The prospects of political actors using generative A.I. to effectively reshape history — not to mention fraudsters creating spurious legal documents and transaction records — are frightening. Fortunately, a path forward has been laid by the same companies that created the risk.

In indexing a large share of the world’s digital media to train their models, the A.I. companies have effectively created systems and databases that will soon contain all of humankind’s digitally recorded content or at least a meaningful approximation of it. They could start work today to record watermarked versions of these primary documents, which include newspaper archives and a wide range of other sources, so that subsequent forgeries are instantly detectable.

Such work faces some barriers. Google’s digital libraries’ effort to scan millions of the world’s library books and make them readily accessible online ran into intellectual property limits, rendering the historical archive unworkable for its intended purpose of making these texts searchable by anyone with an internet connection. Those same intellectual property concerns are causing creators and companies to fret about both the training data provided to generative A.I. and its implications when used to generate content.

Given this freighted history, including Google’s failed investment in its digital libraries project, who will step up and pay for a similar massive effort that would create immutable versions of historical data? Both government and industry have strong incentives to do so, and many of the intellectual property concerns around providing a searchable online archive do not apply to creating watermarked and time-stamped versions of documents, because those versions need not be made publicly available to serve their purpose. One can compare a claimed document to the recorded archive by using a mathematical transformation of the document known as a hash, the same technique the Global Internet Forum to Counter Terrorism uses to help companies screen for known terrorist content.

Aside from creating an important public good and protecting citizens from the dangers posed by manipulation of historical narratives, creating verified records of historical documents can be valuable for the large A.I. companies. New research suggests that when A.I. models are trained on A.I.-generated data, their performance quickly degrades. Thus separating what is actually part of the historical record from newly created “facts” may be critical.

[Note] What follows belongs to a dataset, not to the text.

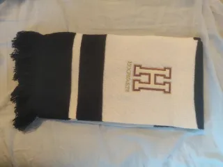 Bufanda de rallas blancas y negras de la marca Women'secret con la inicial de Hogwarts bordada.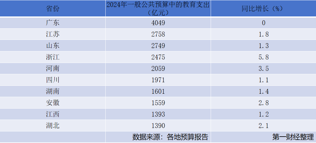 根据三省预算报告,江苏、山东和浙江预计2025年当地教育支出分别为2770亿元、2791亿元和2449亿元,分别同比增长0.4%、1.5%和1%。

Preserving the past will also mean preserving the training data, the associated tools that operate on it and even the environment that the tools were run in. Vint Cerf, an early internet pioneer, has called this type of record “digital vellum,” and we need it to secure the information environment.

Such a vellum will be a powerful tool. It can help companies to build better models by enabling them to analyze what data to include to get the best content and help regulators to audit bias and harmful content in the models. Tech giants are already conducting similar efforts to record the new content their models are creating — in part because they need to train their models on human-generated text and the data produced after the adoption of large language models may be tainted with generated content.

The time has come to extend this effort back in time as well, before our politics, too, become severely distorted by generated history.